Between June and August 2011, while the commission Planners owed to the two
advisers remained unpaid and for which they had joint and several liability as
partners in that firm, at Mr Chiesa’s instigation, Mr and Mrs Chiesa further
rearranged their financial affairs in connection with their more profitable
business, Westwood Trustees. They did so in three key ways:
(1) First, from June 2011, they rearranged their personal expense payments so
that they were met from Westwood Trustees’ bank accounts, rather than
from their own personal bank accounts, and also received funds directly
from Westwood Trustees’ accounts for their own spending:
(i)
Mr Chiesa arranged for Westwood Trustees to pay significant
expenses on his behalf, such as costs relating to the Bentley car he
drove, which amounted to a minimum monthly average of £1,500,
and monthly payments to his ex-wife; and
(ii)
Mr and Mrs Chiesa together arranged for Westwood Trustees to pay
significant joint expenses such as their rental of residential properties
in London, travel expenses and investments.

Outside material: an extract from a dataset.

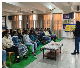
Udayan Shalini Fellowship Hosts 203 Transformative Workshops

(2) Secondly, having become the sole directors of Westwood Trustees on 25
July 2011, Mr and Mrs Chiesa resigned as directors on 11 August 2011. By
mid-November 2011 two previous members of its administrative staff
constituted the board of directors of Westwood Trustees, and they were
joined by two other previous members of its administrative staff in
February 2012. None of those individuals had any prior experience in
being a director of a company.
(3) Thirdly, Mr and Mrs Chiesa made changes to their ownership of Westwood
Trustees. Previously they had owned 100% of Westwood Trustees, 98% of
which they had held, since 16 March 2011, indirectly via the off-shore
WIFAR Fiduciary Management Company. In August 2011 they resigned as
directors of the WIFAR Fiduciary Management Company and transferred
legal ownership of that company to the director of an off-shore company,
which was also the trustee of the WIFAR Trust, and who also became its
sole director. The shares they transferred in the WIFAR Fiduciary
Management Company were held in trust for Mr and Mrs Chiesa by the
director of the off-shore company, so that Mr and Mrs Chiesa continued to
wholly own that company beneficially. This left Mr and Mrs Chiesa each
holding only 1% of Westwood Trustees’ shares, whereas in fact through the
trust each continued beneficially to own, directly and indirectly, 50% of
Westwood Trustees’ shares.
4.21.
During the month of August 2011 alone, Mr and Mrs Chiesa received the benefit
of £116,370 paid out on their behalf by Westwood Trustees. By the end of
2011, they had received a further £109,000, and in 2012 they received a further
£426,000. By the end of 2014, they had received a total benefit of
approximately £1.39 million, of which £1.17 million was expenses paid on their
behalf, which is a monthly average of over £34,000, paid by Westwood Trustees
to cover Mr and Mrs Chiesa’s combined personal expenditure. Until December
2013, the minimum benefit they received in any one month was over £20,000.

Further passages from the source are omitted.